From Congress president Sonia Gandhi (whose mother-in-law Indira Gandhi ushered in press censorship in 1975 and whose husband Rajiv Gandhi tried to pass the defamation bill in 1987) to the BJP which opposed both; from the supposedly “liberal” Left to the young MPs who represent the “future”, no one (bar one) raised a voice.

But back in 1975, when the legendary cartoonist P. Shankar Pillai decided to close down Shankar’s Weekly, there was a flurry of letters from politicians in the final issue. At least five Congress chief ministers mourned its imminent closure, including the Bihar CM Jagannath Mishra, who would later become synonymous with the Bihar press bill.
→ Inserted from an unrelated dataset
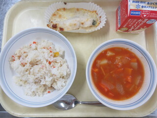 コーンピラフ、ホキのモルネソース焼き、ABCミネストローネスープ、牛乳

Here’s a mirror of India circa 2012 vis-a-a-vis 1975:

***

It is indeed sad and unfortunate that the only letter you chose to address to me personally should convey to me your intention to bow out. It is going to be a painful ordeal for thousands of your readers including myself, to go without the Weekly. I must believe you when you say that advancing age and ill-health have compelled you to close down Weekly, but I see neither of them reflected in your magazine. Indeed a tribute to your spirit – so young despite age! I am sure the Souvenir you propose to bring out will be an adorning piece on your lovers’ and admirers’ book-shelves! It will also serve as a lesson and guide to the new generation of cartoonists and journalists, convincingly telling them what an individual can achieve single-handedly.

S.B. Chavan
Chief Minster, Maharashtra

***

I was rather distressed to hear that the great journal is closing down after twenty-seven years of yeomen service to the nation and significant contribution to journalism in India. I really wish I could compel you not to close down Shankar’s Weekly, but I quite understand the reasons that have forced you to take this painful decision.

Harideo Joshi
Chief Minister, Rajasthan

***

I have received your letter with mixed feelings. That a journalist of your eminence has excellently finished his innings in this harsh world in a tribute to your sobre manners, accommodating  spirits, and the immense sense of humour which you have been exhibiting for the last quarter of a century. You have shone on the horizon of Indian journalism in a manner which is difficult to imbibe. You are an institution in yourself and the younger generation in the journalistic field will feel proud to emulate your example in all spheres of life.

H N Bahuguna
Chief Minister, Uttar Pradesh

***

Sorry too learn that you are not keeping well, but I am impressed to find that your sentiments remain the same. Your effort to publish a souvenir of Shankar’s Weekly are praiseworthy.

Jagannath Mishra
Chief Minister, Bihar

***

I am really sorry that you are closing down Shankar’s Weekly.

D. Devaraj Urs
Chief Minister, Karnataka

***

I read the contents of your letter with deep concern. I know how the Shankar’s Weekly was started with your efforts and made a name of itself and continuous devotion and dedication. I am sure you have taken the decision after deep thinking and for the good of your health and for other reasons. You always had my admiration and regards, and it will grow whether you are with the Shankar’s Weekly or not.

Radha Raman
Chief Executive Councillor, Delhi

***

Shankar’s Weekly has served a very good purpose for over 25 years and could rank as one of the best cartoon journals in the world.

Jagannath Rao
Member of Parliament, New Delhi

(Published in the 31 August 1975 issue of Shankar’s Weekly)

Photograph: courtesy National Book Trust

Research: courtesy D.D. Gupta

Also read: Shankar‘s Weekly: the final editorial

MUST READ: ‘Shankar’s Weekly’ final editorial

18 May 2012

Media freedom in India id est Bharat has never been a more scarce commodity than in the year of the lord 2012.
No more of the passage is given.